Goal of the exercise
Where the material below has a line containing "Đường tỉnh 294", start repeating exactly, and keep going through the line containing "No. Scott: 2094", with no other lines.

Material provided
Start of Block

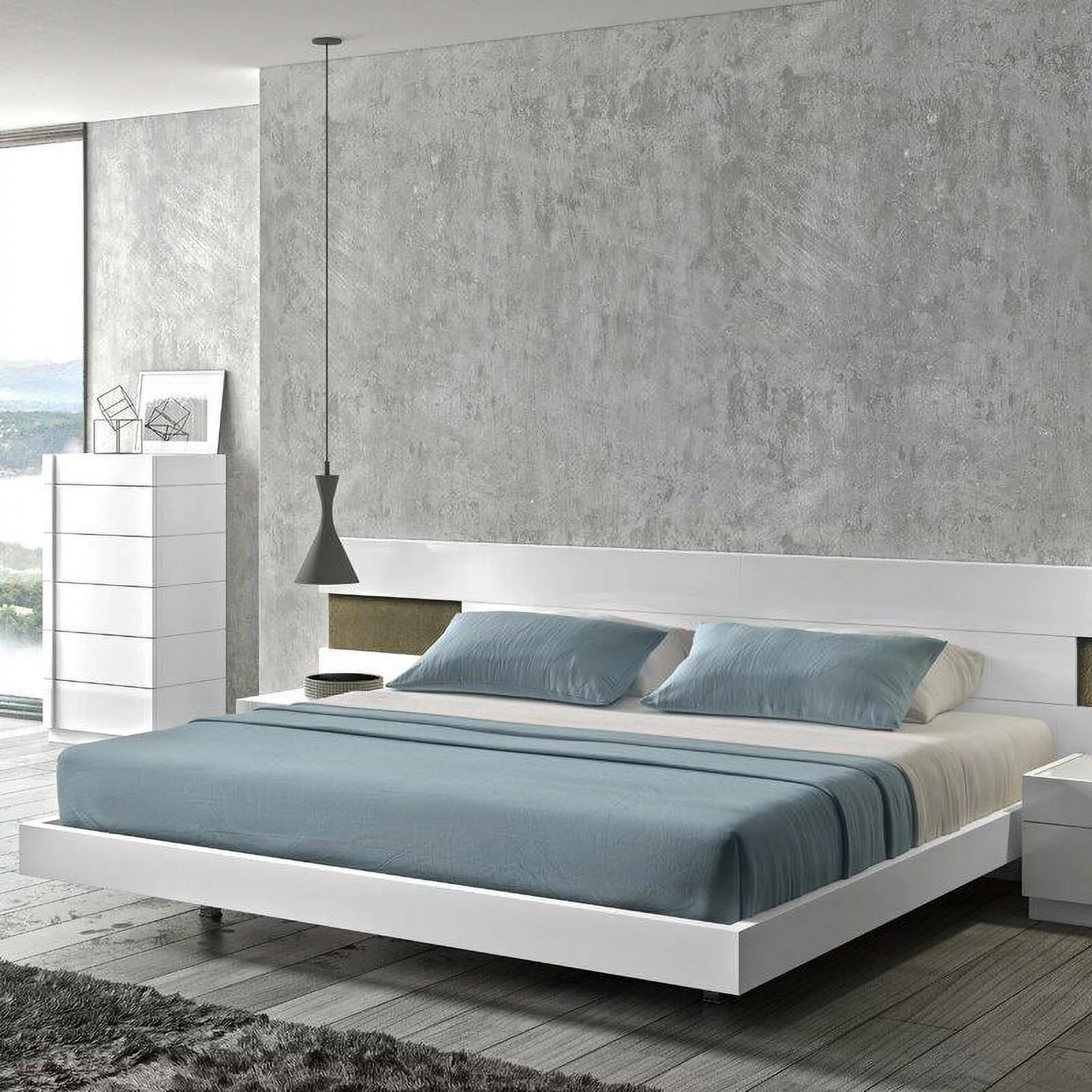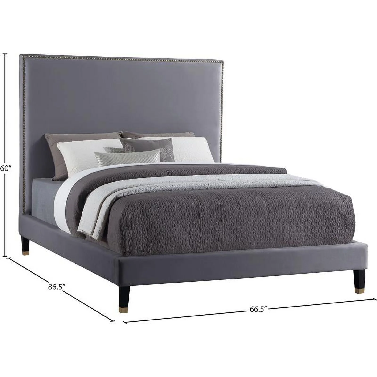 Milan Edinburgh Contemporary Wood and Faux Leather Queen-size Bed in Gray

End of Block
Start of Block

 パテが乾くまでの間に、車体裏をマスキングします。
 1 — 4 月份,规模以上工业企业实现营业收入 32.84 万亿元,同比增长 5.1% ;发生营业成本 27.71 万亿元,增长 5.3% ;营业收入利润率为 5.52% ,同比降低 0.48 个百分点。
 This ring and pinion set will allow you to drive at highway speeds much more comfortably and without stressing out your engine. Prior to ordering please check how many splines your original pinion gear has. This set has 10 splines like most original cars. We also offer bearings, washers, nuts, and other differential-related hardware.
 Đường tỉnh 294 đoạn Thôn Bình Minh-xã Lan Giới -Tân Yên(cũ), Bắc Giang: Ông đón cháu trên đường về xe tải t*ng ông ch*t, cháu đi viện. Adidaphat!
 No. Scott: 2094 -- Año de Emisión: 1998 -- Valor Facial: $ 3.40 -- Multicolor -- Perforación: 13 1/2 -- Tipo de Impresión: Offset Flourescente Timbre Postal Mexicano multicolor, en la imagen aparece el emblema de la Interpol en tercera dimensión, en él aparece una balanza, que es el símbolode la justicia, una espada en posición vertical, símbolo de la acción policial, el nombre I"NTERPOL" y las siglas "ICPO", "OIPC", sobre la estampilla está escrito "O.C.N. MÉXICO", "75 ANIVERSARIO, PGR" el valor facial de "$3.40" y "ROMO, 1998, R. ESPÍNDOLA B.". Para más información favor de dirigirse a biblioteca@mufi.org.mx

End of Block

Answer
 Đường tỉnh 294 đoạn Thôn Bình Minh-xã Lan Giới -Tân Yên(cũ), Bắc Giang: Ông đón cháu trên đường về xe tải t*ng ông ch*t, cháu đi viện. Adidaphat!
 No. Scott: 2094 -- Año de Emisión: 1998 -- Valor Facial: $ 3.40 -- Multicolor -- Perforación: 13 1/2 -- Tipo de Impresión: Offset Flourescente Timbre Postal Mexicano multicolor, en la imagen aparece el emblema de la Interpol en tercera dimensión, en él aparece una balanza, que es el símbolode la justicia, una espada en posición vertical, símbolo de la acción policial, el nombre I"NTERPOL" y las siglas "ICPO", "OIPC", sobre la estampilla está escrito "O.C.N. MÉXICO", "75 ANIVERSARIO, PGR" el valor facial de "$3.40" y "ROMO, 1998, R. ESPÍNDOLA B.". Para más información favor de dirigirse a biblioteca@mufi.org.mx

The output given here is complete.